New York: Researchers have found that a promising new cancer therapy is extremely potent against one of the world’s most devastating infectious diseases: tuberculosis (TB).
Scientists at Texas Biomedical Research Institute (Texas Biomed) in the US found the therapy dramatically reduces TB growth, even for bacteria that are drug-resistant.
The findings, reported in the journal Biomedicine & Pharmacotherapy, were made in novel cellular models featuring TB-infected human cells that can help accelerate screening of potential TB drugs and therapies like this one.
The therapy combines two molecules – one of which is already FDA-approved for use in cancer patients, and another that is being evaluated in Phase 1/2 clinical trials for cancer.
The compounds help the body initiate its normal cell death processes in targeted areas, be it cancerous cells, or in this case, cells infected with Mycobacterium tuberculosis (M.tb), the bacteria that causes TB.
“Immunotherapy has been a game changer in the cancer field by finding ways to help a patient’s own immune system fight tumors more effectively,” said Larry Schlesinger, Professor, President and CEO at Texas Biomed.
“We believe that, similarly, host-directed therapies can be a game changer for infectious diseases,” he added.
TB accounts for more than 1.6 million deaths worldwide every year. The bacterium primarily infects the lungs.

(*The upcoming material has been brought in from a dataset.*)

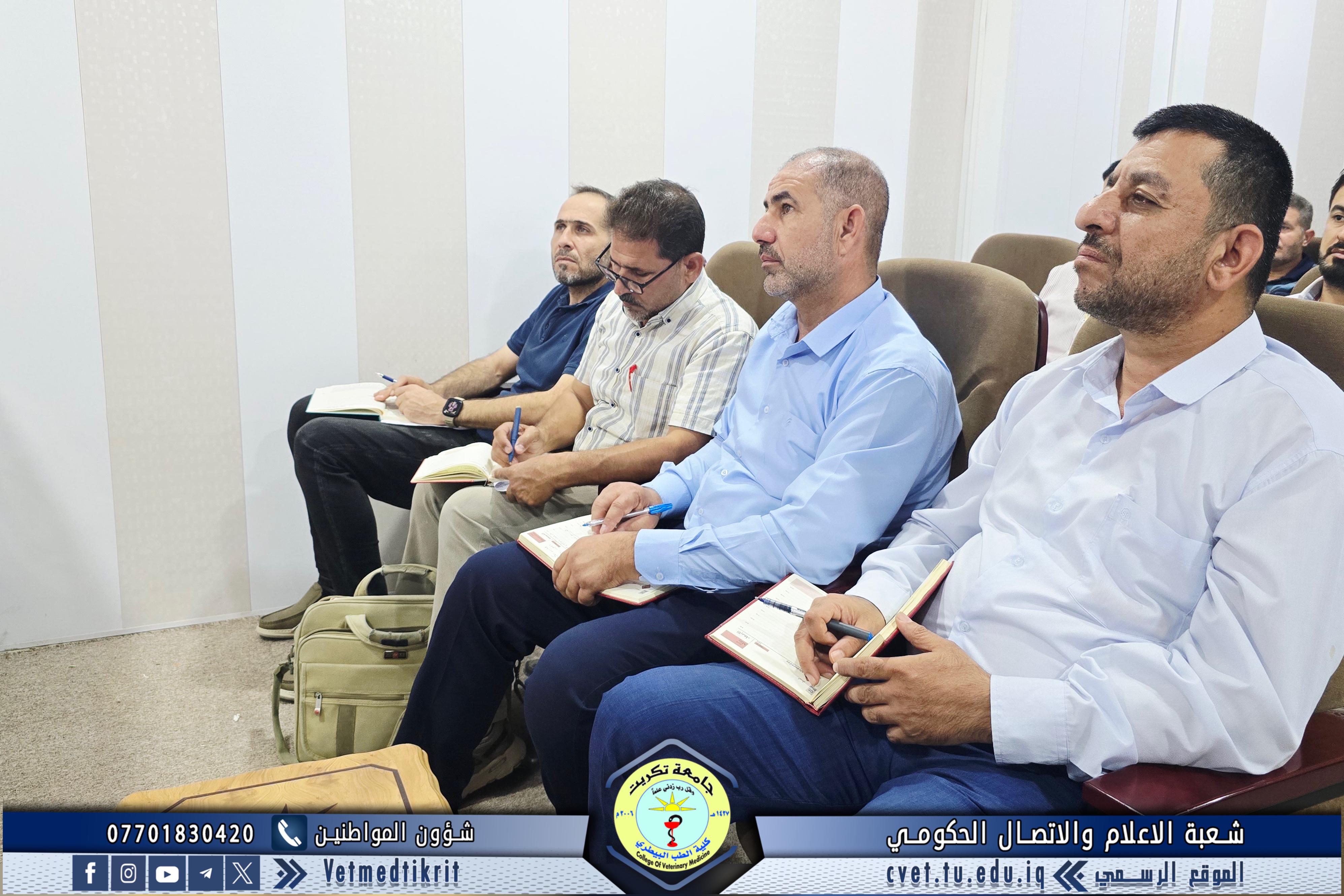 Professor Dr. Bashar Sadiq Noumi, Dean of the College of Veterinary Medicine, chaired an expanded meeting with the heads of academic departments and divisions at the college. The meeting was attended by Assistant Professor Dr. Montaser Mohammed Hilal, Assistant Dean for Academic Affairs; Assistant Professor Saad Sabbar Nassif, Secretary of the College Council; and Assistant Lecturer Montaser Mohammed Neda, Director of the Administrative Affairs Division. The meeting discussed several important topics for the start of the new academic year, most notably: emphasizing commitment to and organization of official working hours; assigning a number of faculty and administrative staff members to tasks in divisions, units, and laboratories; and monitoring administrative and organizational aspects to ensure smooth workflow and achieve the best results. This meeting comes within the framework of the Deanship of the College's commitment to strengthening discipline and improving the level of academic and administrative performance, which will positively impact the college's educational and research progress.

Patients must take antibiotics for months to bring active infection under control; drug resistance is on the rise, making treatment even more challenging. M.tb blocks a normal cell death process called apoptosis. This allows the bacteria to grow inside immune cells in the lungs, called alveolar macrophages.

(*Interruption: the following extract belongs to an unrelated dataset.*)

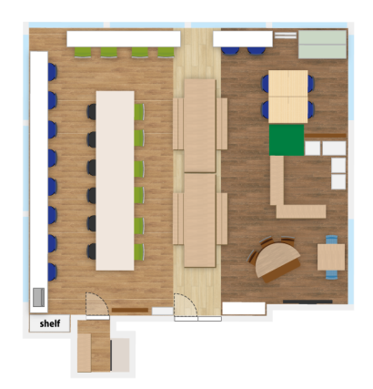 オンラインミーティング用の防音個室「ぼっちボックス」とオオサカンスペースのレイアウトも置いときますね。

The new study shows that by inhibiting two key proteins, MCL-1 and BCL-2, M.tb can no longer hijack the apoptosis process and macrophages are able to kill M.tb.
The team tested MCL-1 and BCL-2 inhibitors individually, together and in combination with TB antibiotics to see how TB growth was affected.
Using both inhibitors was more effective at limiting TB growth than just one or the other; and combining them with antibiotics was far more effective than either inhibitors or antibiotics alone, the study showed.